Editor’s note: This is the first in a three-part series of stories about Kauaians preparing to mobilize to Iraq, and the families they’ll leave behind. LAWA‘I — They’ll take very different routes to get there, but for the 100-plus Kaua‘i
Editor’s note: This is the first in a three-part series of stories about Kauaians preparing to mobilize to Iraq, and the families they’ll leave behind.
LAWA‘I — They’ll take very different routes to get there, but for the 100-plus Kaua‘i members of Company A, 2nd Battalion, 299th Infantry Regiment of the Hawaii Army National Guard, all roads lead to Iraq.
While some of the members left the island Friday bound for the Big Island’s Pohakuloa Training Area (PTA) and eventually Australia for further training, a group of around 70 other citizen-soldiers leave this morning bound for PTA for two weeks of annual training.
They have been given their marching orders, know they’ll be activated the middle of next month, will leave Hawai‘i in September for their mobilization station, likely at Fort Bliss, Texas, be home for the holidays, then ship out again in early January.
By early February, they will be in Iraq, for at least a year and possibly longer.
Among those in charge of getting the citizen-soldiers ready to temporarily drop the “citizen” part of their designations is Sgt. Phillip Kamakea of Lawa‘i Highlands, the readiness noncommissioned officer for the battalion that includes units assigned to both the Kapa‘a and Hanapepe armories.
Kamakea, like many others who are making preparations to leave behind loved ones, worries about how his wife will cope in his absence. “My wife’s going to have a hard time just with the twins,” he said of wife Patti, who works as a clerk at the child development center at the U.S. Navy’s Pacific Missile Range Facility.
Their twin daughters, Chloe and Crystal, just turned 1. Fortunately, the parents said, older siblings Amanda, 13, and Jordan, 10, help out with their younger sisters.
Normally, after they both work their day jobs, Phillip and Patti Kamakea share the at-home responsibilities. “Yeah, it’s going to be a lot of work,” said Patti Kamakea, adding that Phillip Kamakea usually handles things like paying the bills and maintaining the yard.
Patti Kamakea was “surprised” when she learned of her husband’s pending departure. “I didn’t expect it.
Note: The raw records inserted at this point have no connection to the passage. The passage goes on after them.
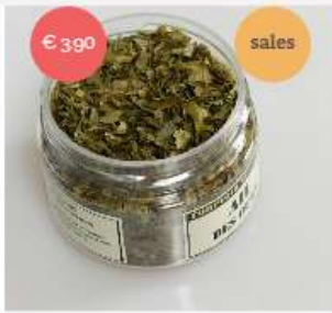
Wild Bear Garlic ... In stock
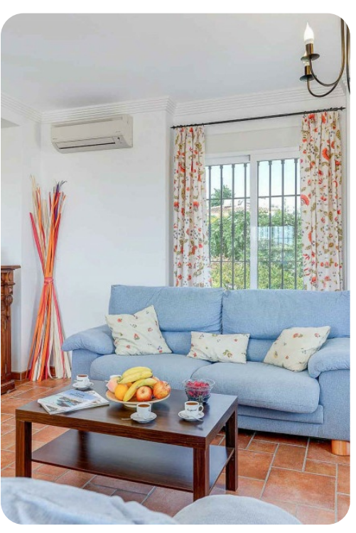
Villa Mango - Nerja | Page 3 of 5
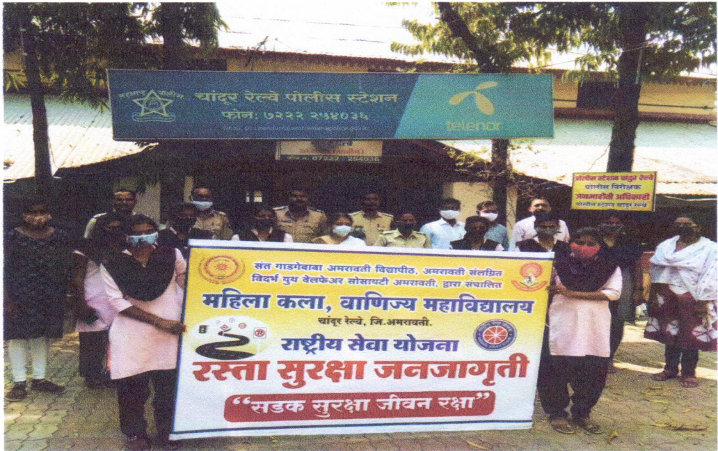
Road Traffic & Security
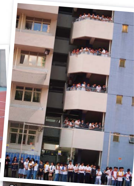
Students and teachers showing support for their classes.
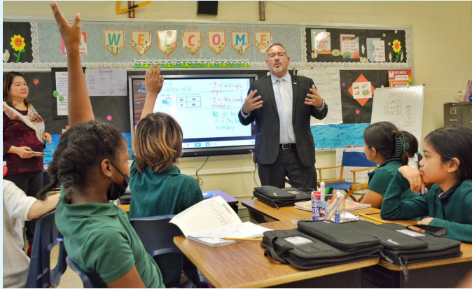
At Fort Foote Elementary School, U.S. Secretary of Education Miguel Cardona toured classrooms to see how American Rescue Plan investments have enhanced students' learning experiences in reading and math!
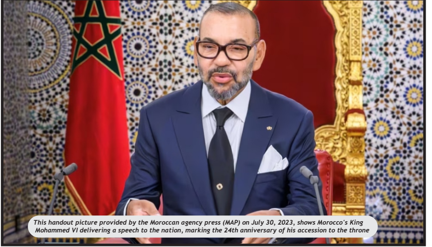
This handout picture provided by the Moroccan agency press (MAP) on July 30, 2023, shows Morocco's King Mohammed VI delivering a speech to the nation, marking the 24th anniversary of his accession to the throne

The king calls annually for a rapprochement with Algeria. VOA
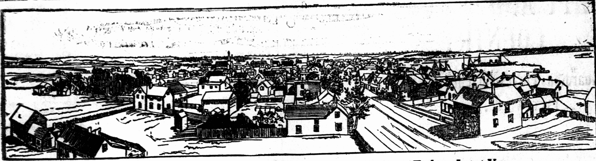
The Town of Sydney, Looking South From a Picture Taken Last Year.
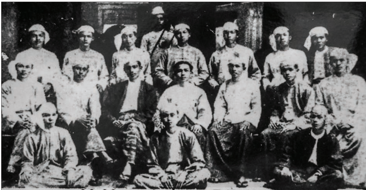
၁၉၂၀ တက္ကသိုလ်သပိတ်ကာလအတွင်း ထူထောင်ခဲ့သော ကြည့်မြင်တိုင်အမျိုးသား (နေရှင်နယ်) အထက်တန်းကျောင်း၏ ဆရာများအဖွဲ့ (ထိုင်နေသော အလယ်တန်းလက်ဝဲဘက် ဒုတိယလူမှာ ဆရာမြဖြစ်သည်)
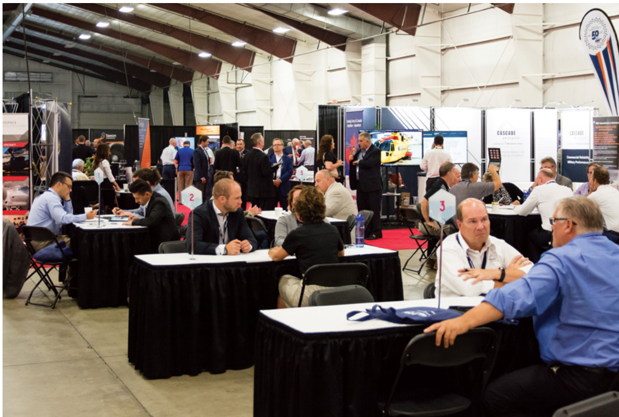
B2B meetings underway at the ADSETrade Show.

We expect the rapid pace to continue over the next year. In 2018, AIAC will:
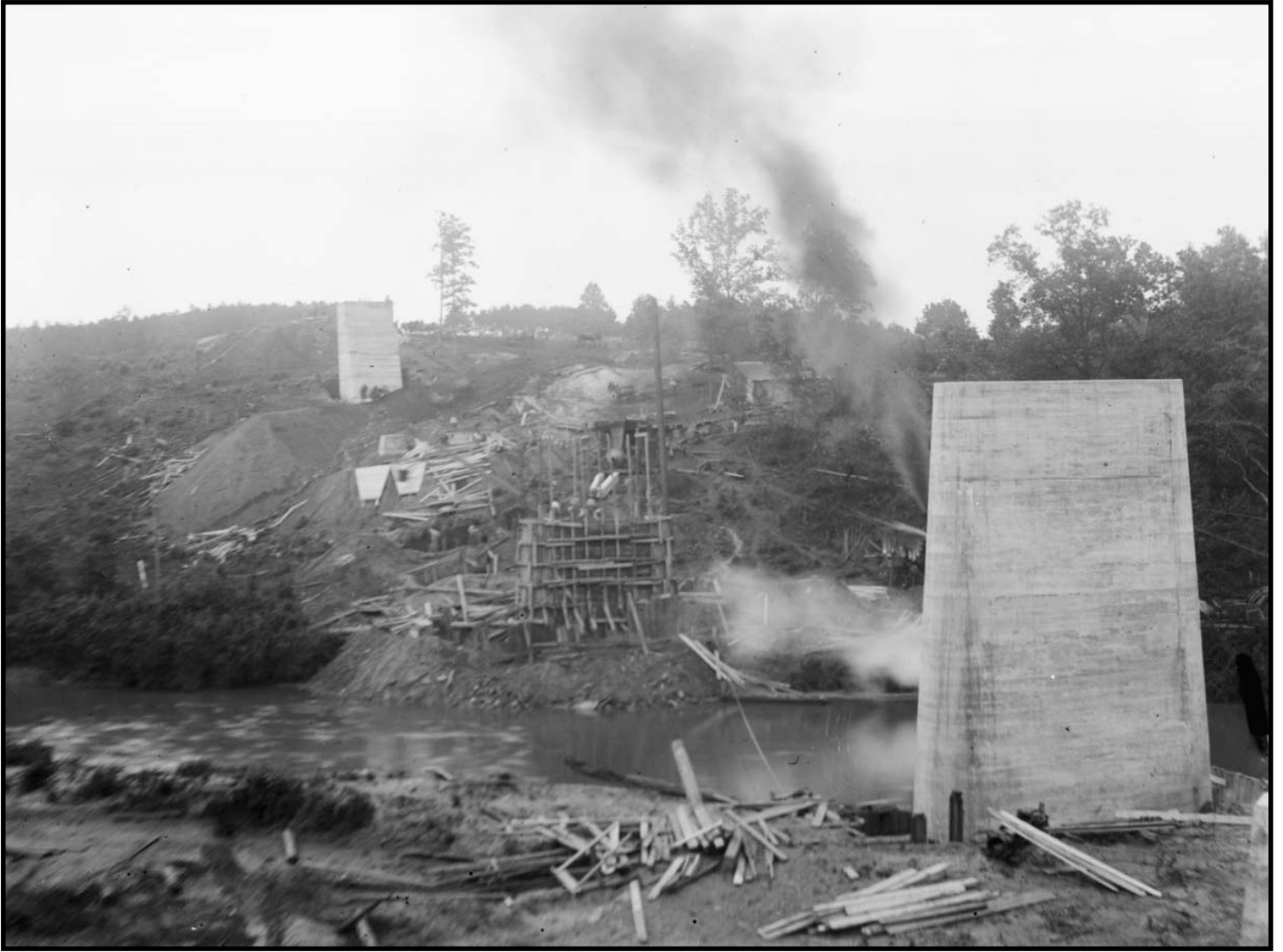
Pacolet River bridge masonry from South side of river (7/7/1909).
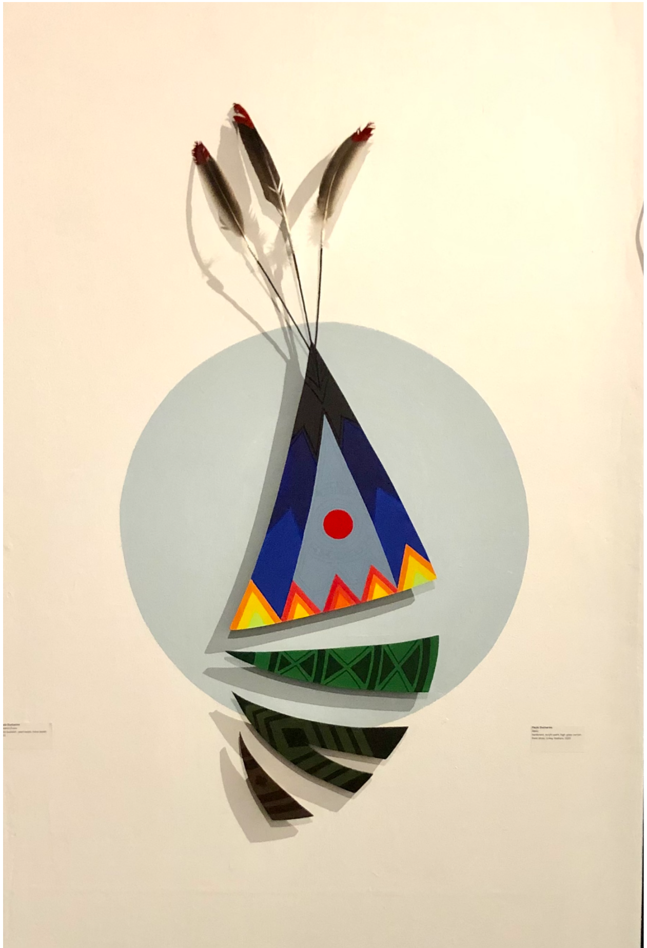
Native American Headdress Cutout
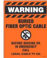
9" x 12"
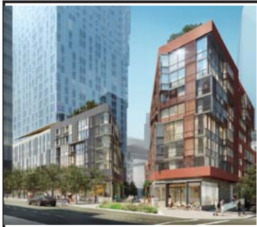
Block 8 400 Folsom Street 250 Fremont Street (OCII Sponsored Affordable project) Developer(s): Related/TNDC Market-Rate Units: 396 Affordable Units: 150 AMI: 70 inclusionary units @90%/ 80 OCII units @ 50% Total Units: 546 Construction Start: 2016 Completion: 2019
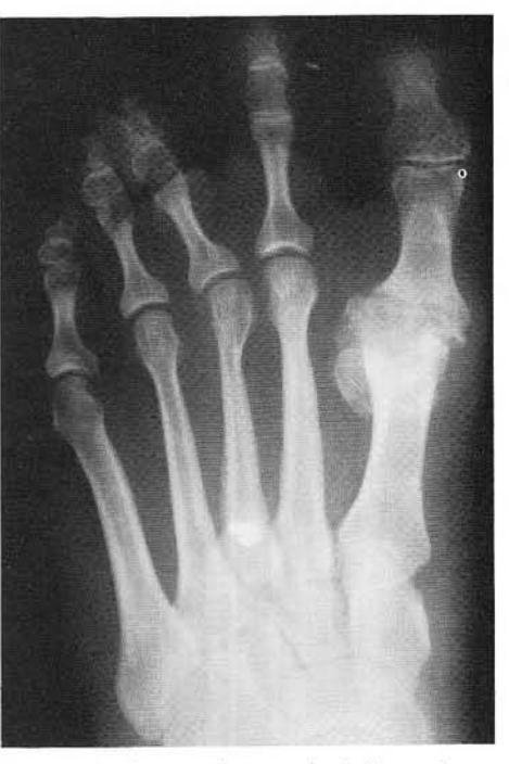
Fig. 19. Final x-rays three and a half months postoperatively second hallux valgus surgery reveal persistant residual deformity of the first metatarsophalangeal joint.

Follow-up radiographs in February 1988 demonstrate continued deformity and aseptic necrosis in the final phases of deformity characterized by obvious residual deformities of the metatarsal head with associated incongruity of the joint, limitation of motion, and development of severe degenerative joint disease (Fig. 18).
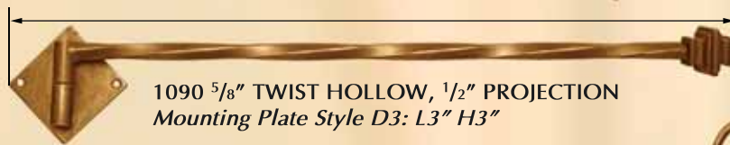
1090 5/8" TWIST HOLLOW, 1/2" PROJECTION Mounting Plate Style D3: L3" H3"
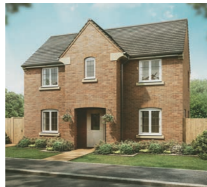
The Dee 3-bedroom home
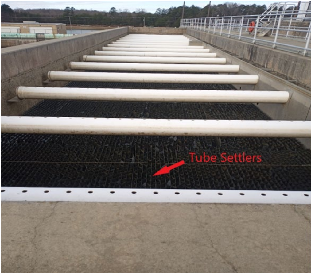
Tube Settlers in the Super Pulsator at the Ward WTP
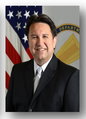
WILLIAM E. JENKINS Deputy Auditor General Installations, Energy & Environment Audits
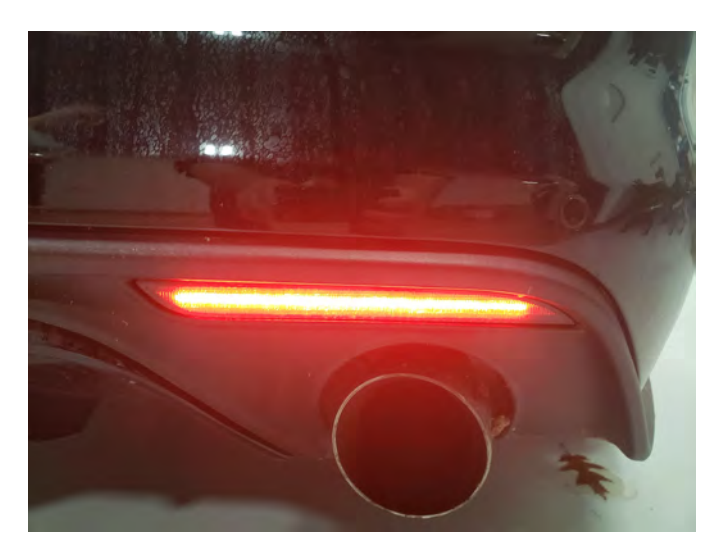
Step 5 \\ Test the lights for proper function. Installation is now complete.
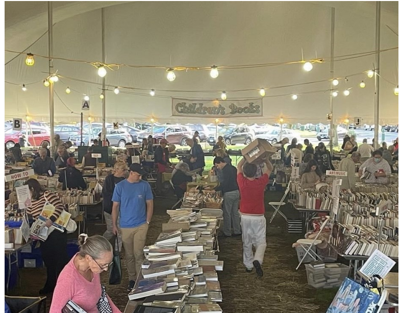
The Friends Annual Book Sale on the Branford green was held September 22-25, and each day was packed with shoppers. The event hit a new record in sales!

The Friends Annual Book Sale on the Green was a huge success, generating over $63,000
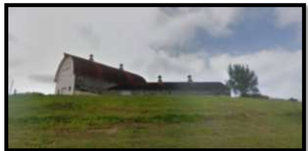
Dairy Barn
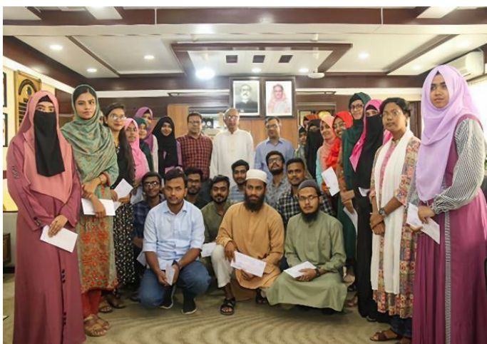
NEF (Japan) Scholarship Ceremony-2024
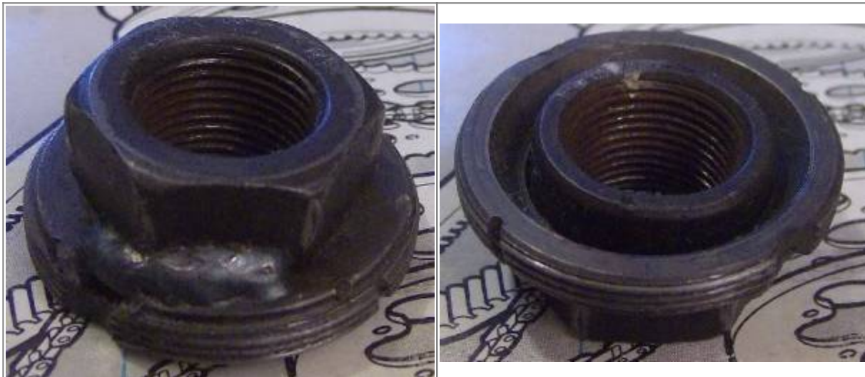
Swingarm thread repair tool 6)

A wrecked right side bearing locknut 47515-52 [52 to E74] with a fitting welded into it. Slots were cut into the threads and it is used to chase / repair the threads in the swingarm. 5)
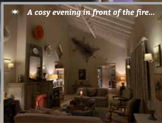
* A cosy evening in front of the fire...
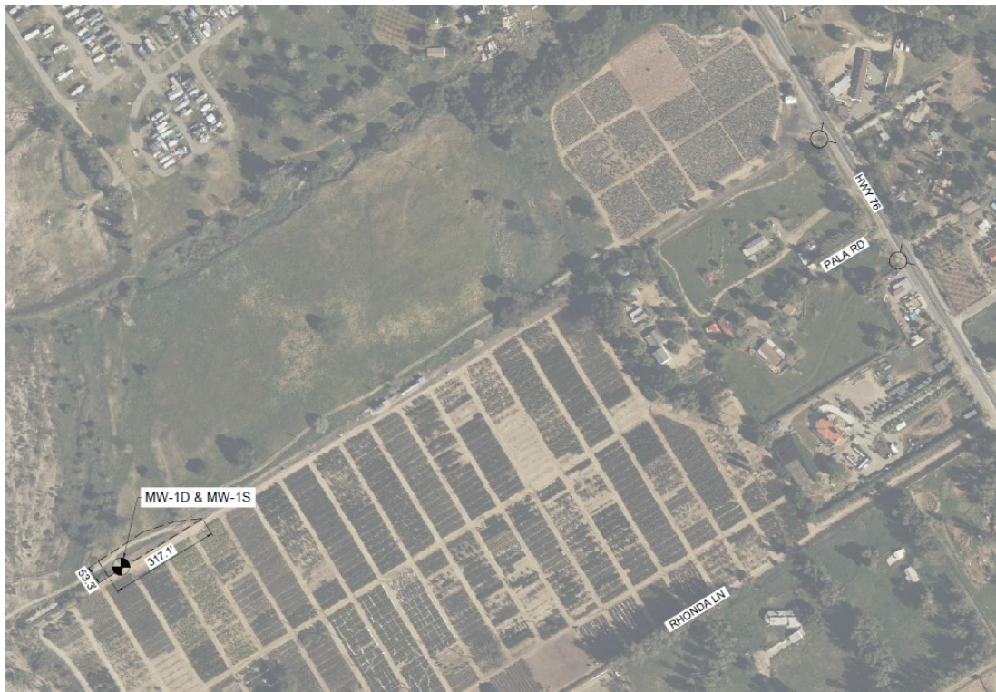
Figure 1 - Monitoring Well Location

Figure 1 depicts the location of the proposed monitoring well, which will be located within an existing disturbed dirt access road adjacent to agricultural areas. This monitoring well will be constructed as part of the ongoing efforts of the Upper San Luis Rey Groundwater Management Authority to help fill data gaps within the basin – therefore increasing hydrogeologic understanding and providing important information on specific conditions for Groundwater Sustainability Plan monitoring and reporting. The monitoring well will be installed using typical municipal well drilling methods. The well will be “developed” (following installation, relatively small quantities of residual groundwater and drill spoils will be pumped out and hauled off in trucks). Following well installation and development, no groundwater will be pumped for water supply. The well will monitor fluctuations in groundwater levels for the purpose of better understanding surface water and groundwater interactions. The well is anticipated to remain in place for ongoing seasonal monitoring.
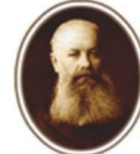
Dokuchaev Soil Science Society in Russia Commission on Paleopedology and Subcommittee on Micromorphology
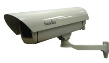
PCHB3100 All Weather (IP66) PoE Ready
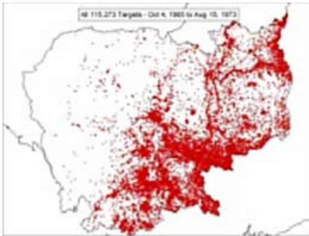
Map showing 115,273 targets of U.S. secret bombing of Cambodia between October 1965 and August 1973.
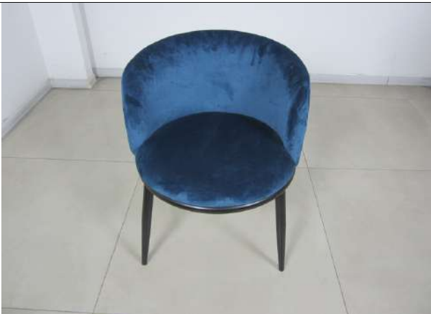
Item CH2161A (1)
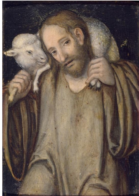
Christ as the good shepherd Date:ca. 1540 Artist: Cranach, Lucas, 1515-1586, Erfurt, Germany.
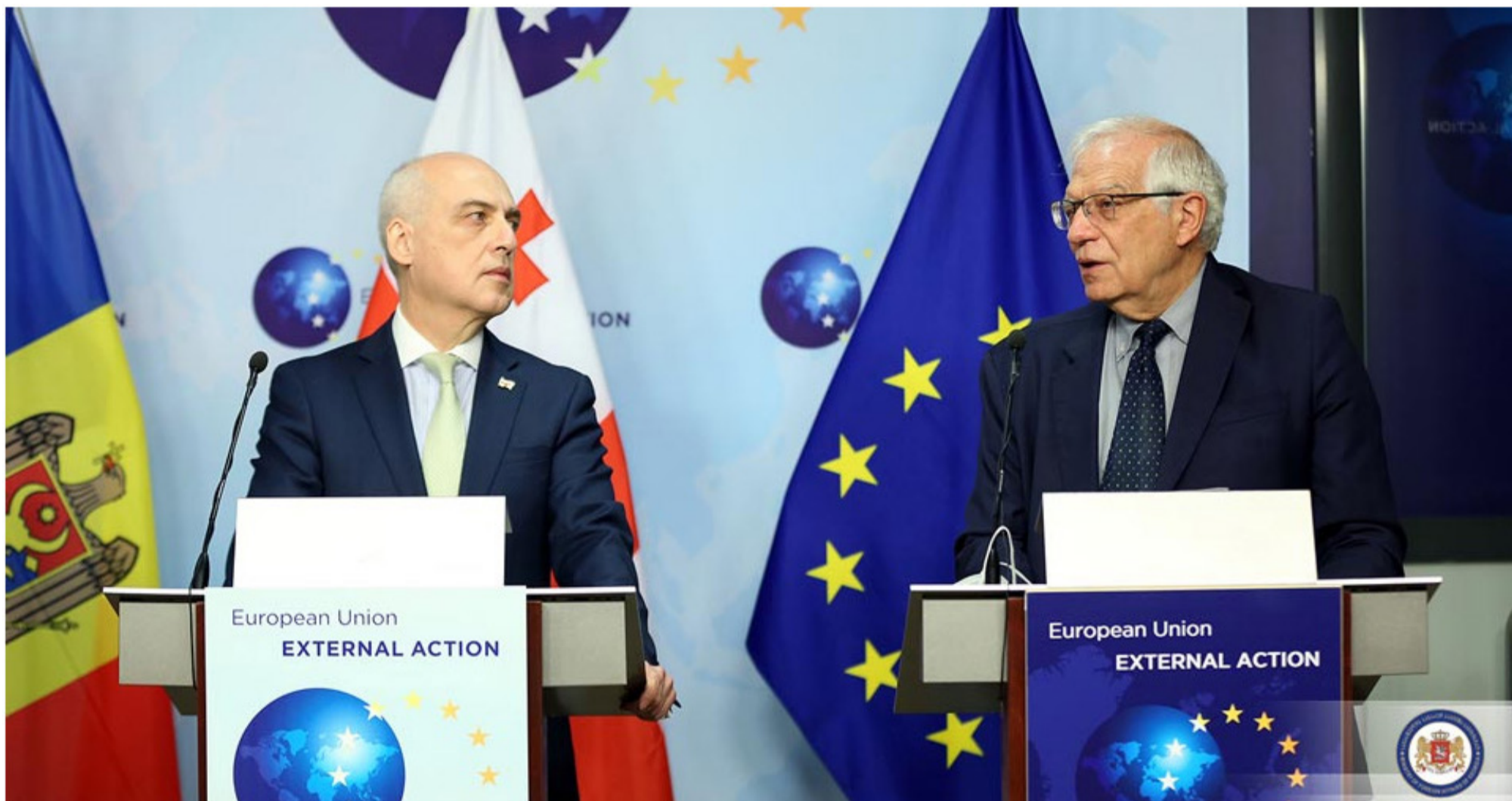
► Joseph Borrell: EU should be proud that our partners want to move closer to and join the EU.
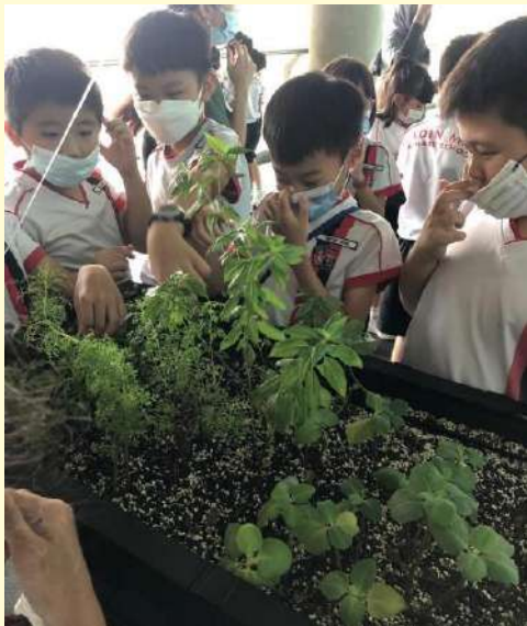
At the Marina Barrage, students see how Singapore has been working on growing vegetables despite our limitation in land space, including food that can even be grown in our homes.
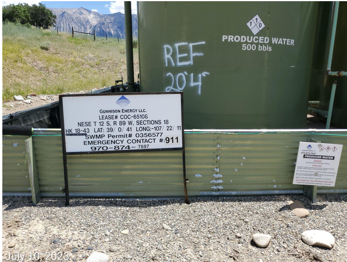
Photo 6: Photo taken from the tank battery facility on the east end of the Location. Photo shows tank battery signage missing required information in accordance with Rule 605.e; The four tanks at the battery facility observed missing required information in accordance with Rule 605.h.

I expected Afghanistan, but not Iraq. Afghanistan doesn’t sound as bad,” she said.
When the older children found out about the pending deployment, their reactions were predictable. “I just asked him when, for how long, stuff like that,” said Amanda Kamakea, who is “kind of” worried about her father.
Jordan Kamakea said he is “scared” for his father, and will miss going fishing with him. Coincidentally, during the time when his father is training at PTA on the Big Island, near Hilo, this weekend, Jordan Kamakea is participating in a Mustang baseball tournament in Hilo, so his father might be able to catch some of his son’s games.
Phillip Kamakea, 39, will be 40 next month, when most of the rest of his unit is activated. He is an active Guard reserve officer, meaning the Guard is his full-time job. He has been in the service for 21 years, and is eligible for retirement on the reserve side but still has to complete four more years of service to qualify for active-duty retirement benefits.
Still, he can’t start collecting benefits until he is in his late 50s, and he’ll be 54 before he makes 20 years of active duty and can retire and collect benefits.
As readiness NCO, he takes care of his troops’ pay, military education, administrative requirements and related paperwork, while combat-readiness leadership falls more with the company’s commander and first sergeant.
Kamakea tried to opt out of the Australia training (he did leave yesterday for the Big Island), saying he had too much to do to make sure the unit is ready to move out, but wasn’t able to do so, he said.
He said earlier this week he’s not worried about being ordered into Iraq, because he has too many other things on his mind preparing his unit for departure. “From now until we leave, it will be life as usual.” Next month, when the official orders come down and mobilization is official (expected around Sunday, Aug. 15), “that’s when everyone transitions from citizen to soldier.”
Of the 100-plus members of the unit, only one person, 1st Sgt. Pacifico “Pat” Quel, has seen combat duty before. He served in Vietnam. He is a good man to have in the unit, Kamakea said. “He instills training because of what he saw in Vietnam.”